Member of the Pennsylvania House of Representatives from the 189th district
- In office 2005–2011
- Preceded by: Kelly Lewis
- Succeeded by: Rosemary Brown

Personal details
- Born: 1946 (age 79–80) East Stroudsburg, Pennsylvania, U.S.
- Party: Democratic
- Spouse: Elaine
- Alma mater: Stroudsburg High School
- Occupation: Air traffic controller

= John Siptroth =

American politician

John J. Siptroth (born 1946) is a Democratic politician who was a member of the Pennsylvania House of Representatives. He was first elected to represent the 189th legislative district on February 8, 2005.

==Biography==
John Siptroth was born in the Delaware Water Gap Borough, and later attended Stroudsburg High School. He joined the Navy and served until receiving an honorable discharge in 1970.

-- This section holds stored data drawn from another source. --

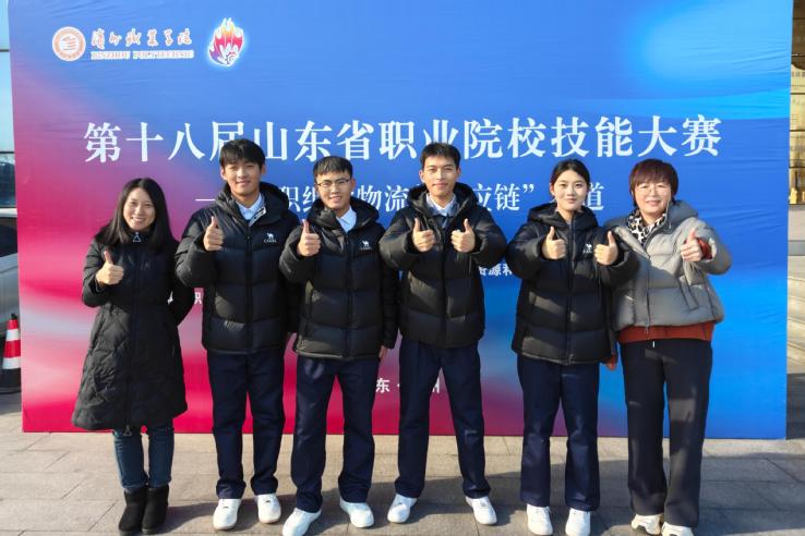 在“物流与供应链”赛道比赛中,由武静静、姜宁老师指导,刘帅、武世泽、袁杨、于苗苗四位同学组成的参赛队,围绕企业真实案例不断优化数据建模等关键环节,在智能设备调试、新技术应用上精益求精,荣获该赛道银奖。
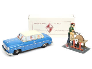 fonctionne - on y joint une BORGWARD HANSA 1500 en tôle lithographiée de la marque TUCHER & WALTHER (longueur 21cm - moteur à clef fonctionne en état 'A.a)
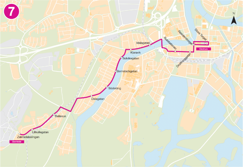 Linje 7. Centrum – Romstad – Bellevue – Zakrisdal
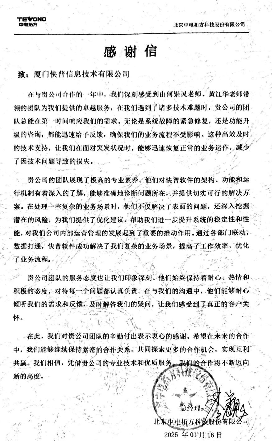 【快普簡訊】 北京中電拓方科技股份有限公司向我司發(fā)來感謝信,對何崇靈老師、黃江華老師帶領(lǐng)的實(shí)施小組在過去一年中提供的優(yōu)質(zhì)服務(wù)表示高度認(rèn)可和衷心感謝。來信不僅是對快普實(shí)施團(tuán)隊(duì)專業(yè)能力的肯定,更是對快普“客戶至上”服務(wù)理念的詮釋。

He worked for the Federal Aviation Administration following his time in the Navy.

Siptroth and his wife Elaine have two sons and three grandchildren, currently residing in Smithfield Township.

John was a Smithfield Township Supervisor for 15 years, and Chairman for 5 years, prior to being approached to stand as a candidate for State Representative in a Special Election in 2005.

As Supervisor, John was very active in the Pennsylvania State Association of Township Supervisors and was Chair of Monroe County's Solid Waste Advisory Council.

As a US Military Veteran and sportsman, John is a strong advocate for gun rights and consistently earns the highest grades from the NRA and other 2nd amendment groups.

He endorsed Adam Rodriguez for State Representative of the 189th district for the 2018 midterm election.